Pemerintah Kelola APBN 2025 Secara Hati-Hati Namun Responsif

- Created Aug 04 2025
- / 6383 Read
Pemerintah mencatat Anggaran Pendapatan dan Belanja Negara (APBN) menyentuh Rp 31,2 triliun hingga akhir Februari 2025. Pemerintah dan sejumlah ekonom sepakat bahwa kondisi tersebut adalah hal yang wajar dalam siklus keuangan negara, terutama pada awal tahun anggaran.

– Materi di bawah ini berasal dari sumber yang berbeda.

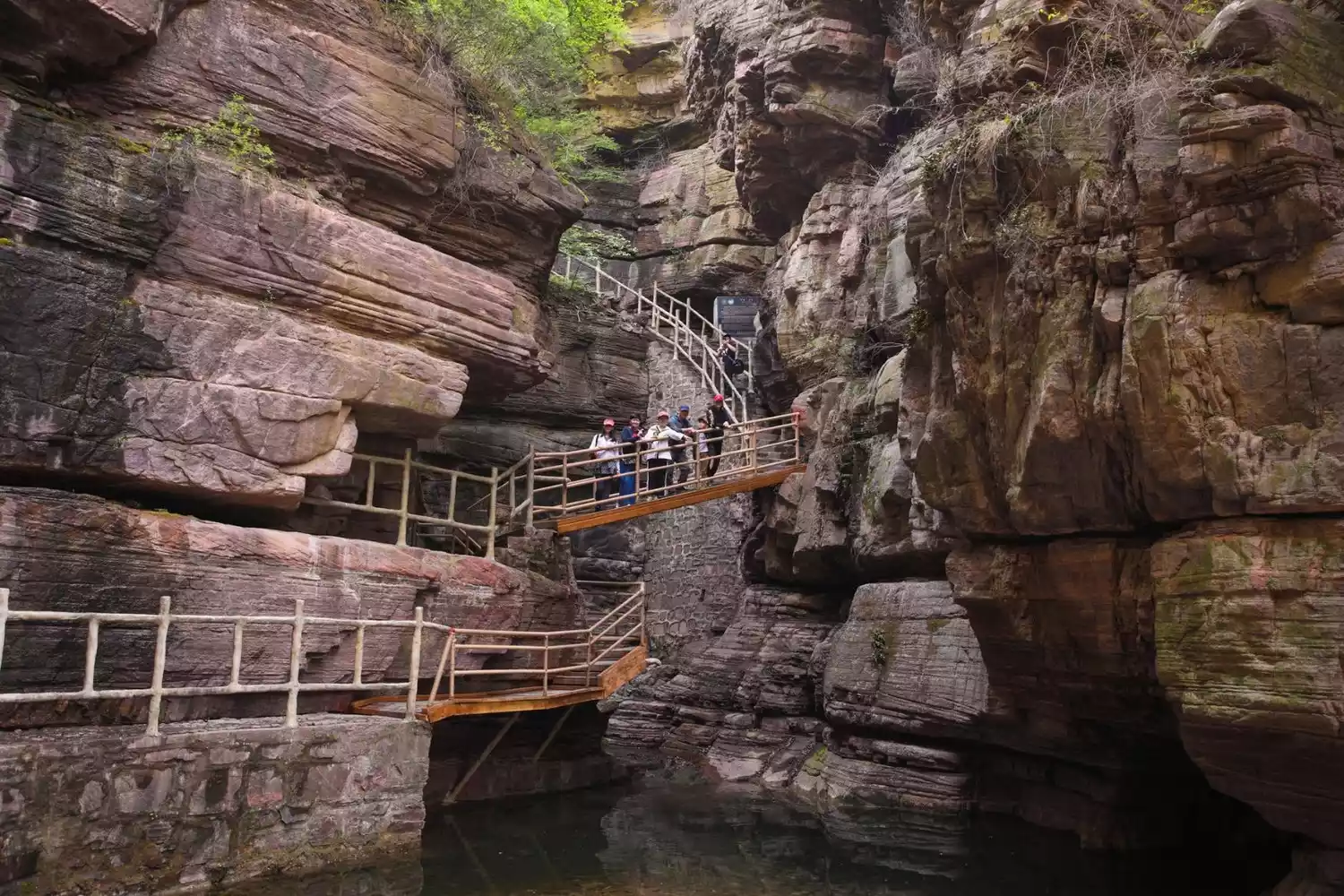 Danfengou is an "ancient road from 1.2 billion years ago". On both sides of the ancient road are towering red rock cliffs. The plank road follows the terrain of the mountain. Sometimes it is a flat wooden plank road, and sometimes it is a straight up and down iron ladder. The majestic Black Dragon Pond Waterfall is also a highlight.

Menteri Keuangan Sri Mulyani menegaskan bahwa defisit sebesar 0,13 persen terhadap Produk Domestik Bruto (PDB) ini masih jauh di bawah proyeksi defisit tahunan dalam APBN 2025 yang mencapai Rp 616,2 triliun atau 2,53 persen dari PDB. Ia menyebutkan bahwa pola defisit di awal tahun merupakan fenomena fiskal musiman yang lazim terjadi.
“Belanja negara sudah mulai direalisasikan sejak Januari, sedangkan penerimaan, khususnya dari pajak, baru akan masuk secara signifikan mulai Maret hingga Mei. Jadi, defisit saat ini masih sesuai desain APBN dan tidak perlu dikhawatirkan secara berlebihan,” ujar Sri Mulyani dalam konferensi pers di Jakarta.
Senada dengan hal tersebut, Anggota Komisi XI DPR RI Mukhamad Misbakhun menyatakan bahwa fenomena defisit awal tahun memang lazim dalam sistem keuangan negara. “Defisit ini masih sangat bisa ditoleransi. Setelah masa pelaporan pajak PPh dan PPN berjalan di kuartal dua, saya yakin penerimaan negara akan kembali naik signifikan dan posisi APBN akan lebih solid,” ungkap Misbakhun.
Ekonom UPN Veteran Jakarta, Achmad Nur Hidayat, juga menyampaikan pandangan serupa. Ia menjelaskan bahwa defisit dalam dua bulan pertama tahun anggaran tidak perlu direspons secara reaktif, karena mencerminkan siklus normal antara waktu belanja dan penerimaan.
“Ini lebih pada ketidaksinkronan waktu antara pengeluaran dan pemasukan. Tidak ada indikasi krisis fiskal. Namun, momentum ini bisa menjadi pengingat penting untuk menyempurnakan sistem seperti Coretax agar lebih adaptif dan mendukung percepatan penerimaan pajak,” kata Achmad.
Direktur Ekonomi Celios, Nailul Huda, menyebutkan bahwa defisit tersebut belum mengkhawatirkan. Ia menggarisbawahi bahwa pengelolaan fiskal masih dalam batas yang terukur, dan pemerintah memiliki ruang untuk melakukan perbaikan sambil tetap menjalankan program-program prioritas.
“Defisit ini belum menjadi sinyal bahaya. Yang penting adalah memastikan efektivitas belanja negara dan mendorong optimalisasi pendapatan, termasuk melalui diversifikasi sumber penerimaan. Selama arah kebijakan tetap disiplin dan transparan, posisi fiskal akan tetap stabil,” jelas Nailul.
Sejumlah pihak menilai bahwa pembelanjaan negara yang telah aktif sejak Januari 2025—seperti penyaluran bansos, subsidi energi, dan belanja infrastruktur—merupakan bagian dari strategi fiskal ekspansif untuk menjaga daya beli dan mendorong pemulihan ekonomi.
Dengan mempertimbangkan konteks tersebut, defisit APBN per Februari dinilai masih sangat terkendali dan berada dalam jalur yang wajar. Pemerintah meyakini bahwa keseimbangan fiskal akan mulai menguat pada kuartal kedua, seiring dengan masuknya penerimaan pajak yang lebih besar.